Lionel SCOCCIMARO

"hot pictures & flammed paintings"

10/06 - 03/07 & 26/08 - 18/09/2005

Sans effacer le poids de la peinture dans sa trajectoire artistique ses nouvelles productions volumiques ou ses photographies entendent adhérer à un programme chargé de connotations multiples. Ses champs d'observation et d'interventions mélangent volontairement l'aspect social (les vieux dans la série d'Octodégénérés ou les vedettes et strip-teaseuses dans les Custom made) à l'aspect humoristique.

Les Custom made sont des sculptures en résine polyester avec des volumes identiques, ils sont issus du même moule; cela tient à la fois du culbuto, de la poupée russe et de la quille de bowling. Les motifs des décors colorés sont en revanche tout à fait différents et spécifiques. Chacun d'entre eux évoque une des figures mythiques de la contre-culture (custom, rock, surf, etc.) des trente dernières années du XXe siècle.

Les choix des motifs, leurs couleurs et leurs dispositions sont, bien entendu, chaque fois spécifiques comme le sont les mensurations, les vêtements et les postures des «pin-up» qui déploient leurs charmes érotiques autour de ces sculptures sur les photographies présentées. On a compris que Scoccimaro a complété ses créations volumiques par une série de créations photographiques mettant en scène chaque fois une figure féminine à la vêture et au déshabillage adaptés.

[ cliquez pour agrandir l'image ]    

Pour ses photographies de personnages Lionel Scoccimaro prévoit un fond uni et neutre: les pin-up associées aux culbutos (Custom made) se détachent sur fond blanc, les vieux de la série des «Octodégenérés» jouent sur des fonds sombres.

Les Octodégenérés aux compositions équilibrées, aux éclairages calculés, avec présence des seuls accessoires nécessaires ressemblent à de très classiques prises de vues de studio. Elles deviennent intrigantes du fait de l'opposition de leur caractère photographique attendu et de l'incongruité des situations représentées. La perfection des images met à distance le spectateur voyeur qui ne saisit pas immédiatement les contradictions internes de ces situations où les vieux s'amusent comme des enfants. On ne peut pas lire rapidement ces images puisque leur expression n'est pas, comme on aurait pu s'y attendre avec des images de vieux, sentimentale et au premier degré mais à saisir au second degré demandant donc de passer à un niveau que l'on peut qualifier d'abstrait ou de conceptuel.

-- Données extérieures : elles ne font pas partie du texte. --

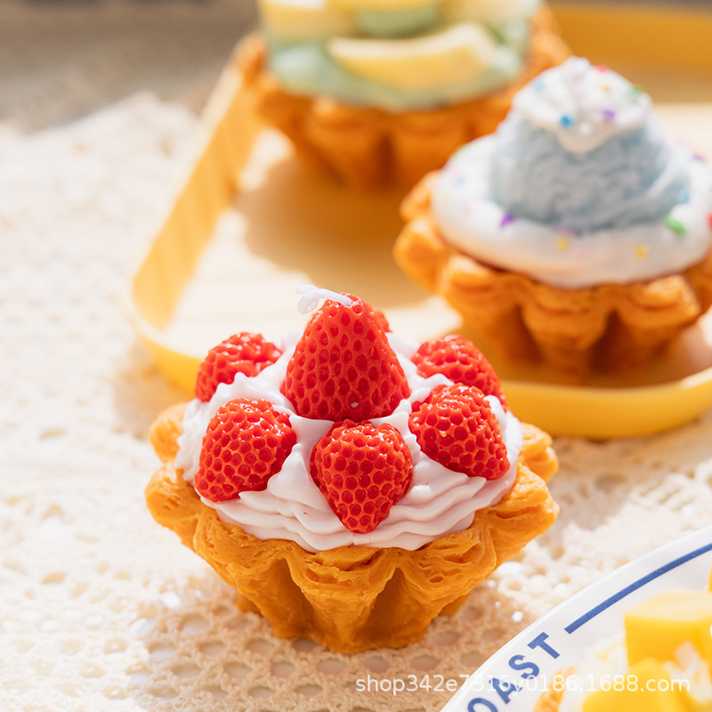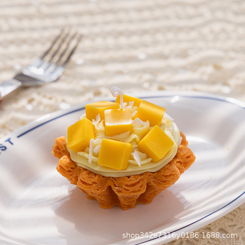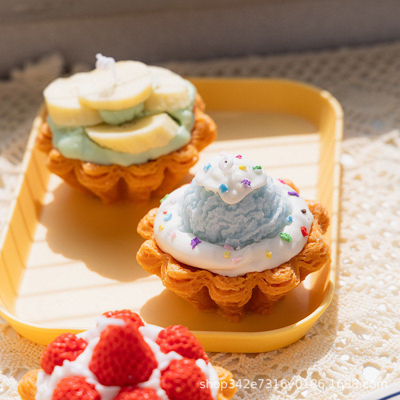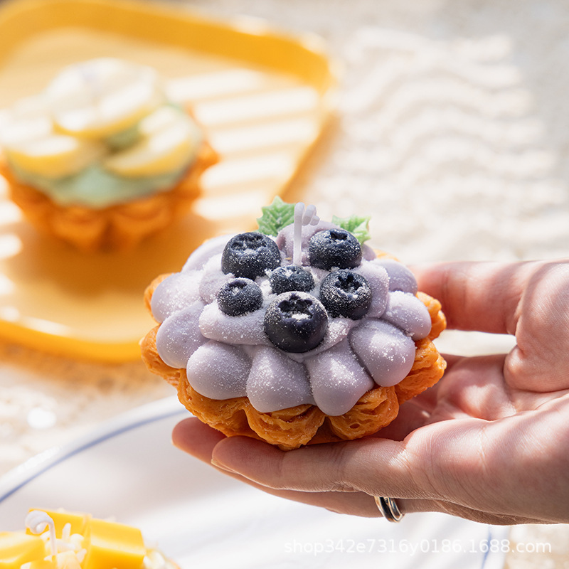 大豆蜡可颂蛋挞甜品蛋糕香薰蜡烛摆件草莓蓝莓水果挞手工

Dans l'intitulé Octodégénérés, le terme «dé-générés» dit peut-être qu'ils sont au-delà de l'âge, plus classable dans les vieux dont ils ont l'aspect mais pas les comportements. Ces vieux et ces jouets sont on ne peut plus normaux, c'est leur réunion qui l'est moins. L'écart entre le déchiffrement de l'image des vieux et la qualité de la mise en scène empêche le passage habituel de la lecture à la consommation d'images. Ces images dérangent. La gêne que nous ressentons face aux images des Octogégénérés de Scoccimaro provient des écarts entre les images ici données et les représentations idéelles que nous nous faisons des vieux.

Le fantôme de l'enfance et de l'adolescence traverse l'ensemble des créations de Scoccimaro des constructions en dominos de sucre, aux quilles culbutos ou aux vieux encore enfants. On ne manquera pas de remarquer, ici comme ailleurs, l'absence du monde des adultes, ou du moins du monde du travail, etc. Scoccimaro préfère celui du jeu, du fun, de l'imaginaire ou d'une vieillesse ludique. Les images parlent souvent autant par ce qui s'absente en elles que par ce qu'elles montrent. Les photographies de Lionel Scoccimaro peuvent être vues comme des mises en abîme de la représentation des trois âges de la vie de l'homme auxquelles il manquerait la phase soit disant la plus importante: l'âge adulte, celui de la majorité des regardeurs et de l'auteur lui-même. Une fois encore ici l'artiste s'absente pour n'être que «créateur», pour mieux «naître» comme auteur.